Server Configuration & Requirements¶
Before proceeding to configure the Nagios server collecting the monitoring data from the EPAS MASTER, make sure the nagios-plugins package is installed and / or the check_nrpe binary is present in the Nagios plugin folder(s).
The current guide assumes that a host has already been defined, corresponding to the EPAS MASTER appliance, in the default hosts configuration file (hosts.cfg).
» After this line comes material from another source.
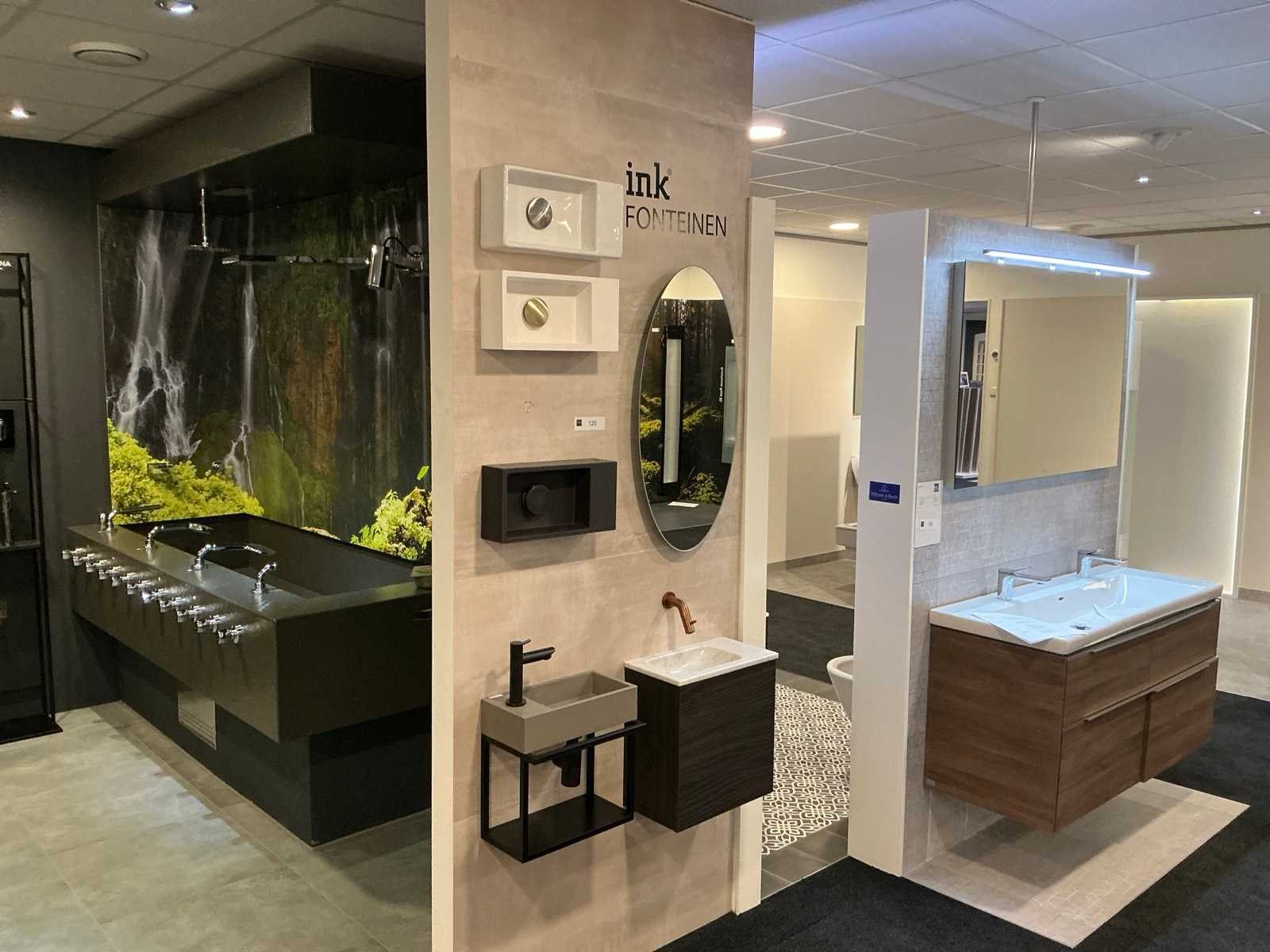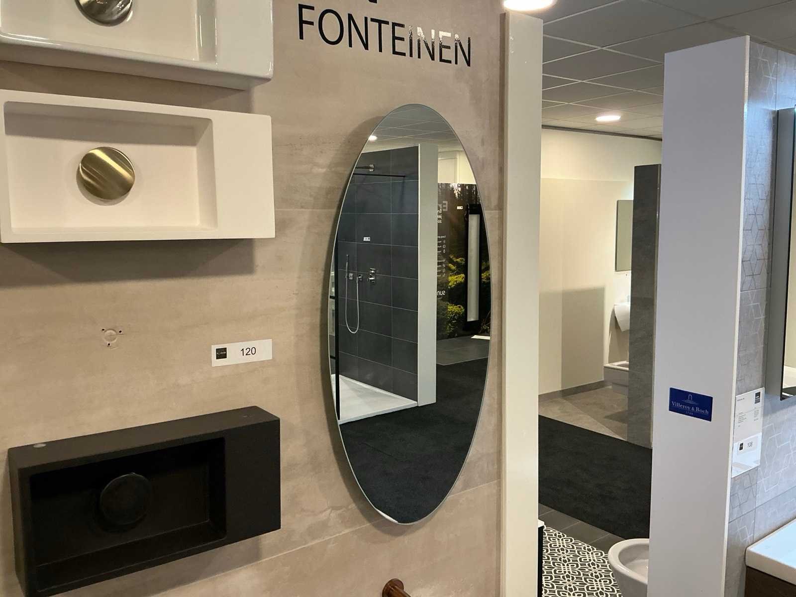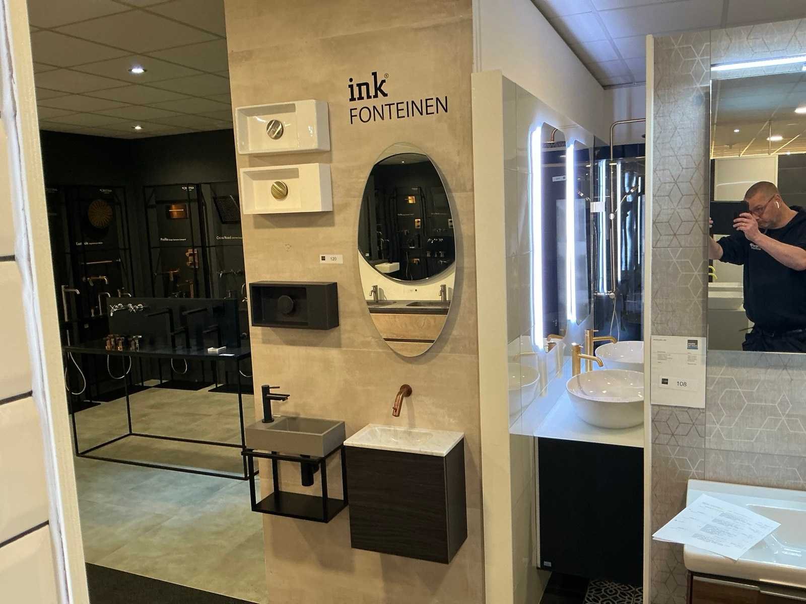 Verschillende soorten en maten op 1 wand met spiegel (40x80cm) kranen zijn alleen afbouwgedeelte zonder inbouwgedeelte. Merk: Sanibell Model: Ink

The host configuration should contain the IP address, hostname, check interval, check period, notification statuses as well as the default availability check command (e.g. ping).
In the commands configuration file (commands.cfg), a Nagios command should be configured using the following data, replacing the <path_to_check_nrpe_binary> with the full, absolute path, to the check_nrpe binary:
define command {
command_name check_nrpe
command_line <path_to_check_nrpe_binary> -H $HOSTADDRESS$ -c $ARG1$
}
The commands can be executed by using the following service template, replacing <check_command> with one of the commands (check_systems, check_disks, check_fans, check_temps), and <epas_host> with the host_name value of the EPAS MASTER appliance, in the hosts.cfg configuration file:
define service{
use generic-service
host_name <epas_host>
service_description EPAS <check_command>
check_command check_nrpe!<check_command>
}
After the above settings have been done in the services.cfg configuration file, the Nagios service should be restarted in order to reload the changes. As Nagios has a flexible configuration, the above recommendations should be adapted to fit the custom Nagios deployment. Icinga or other Nagios-based monitoring tools have similar way of adding NRPE commands and are documented by solution provider.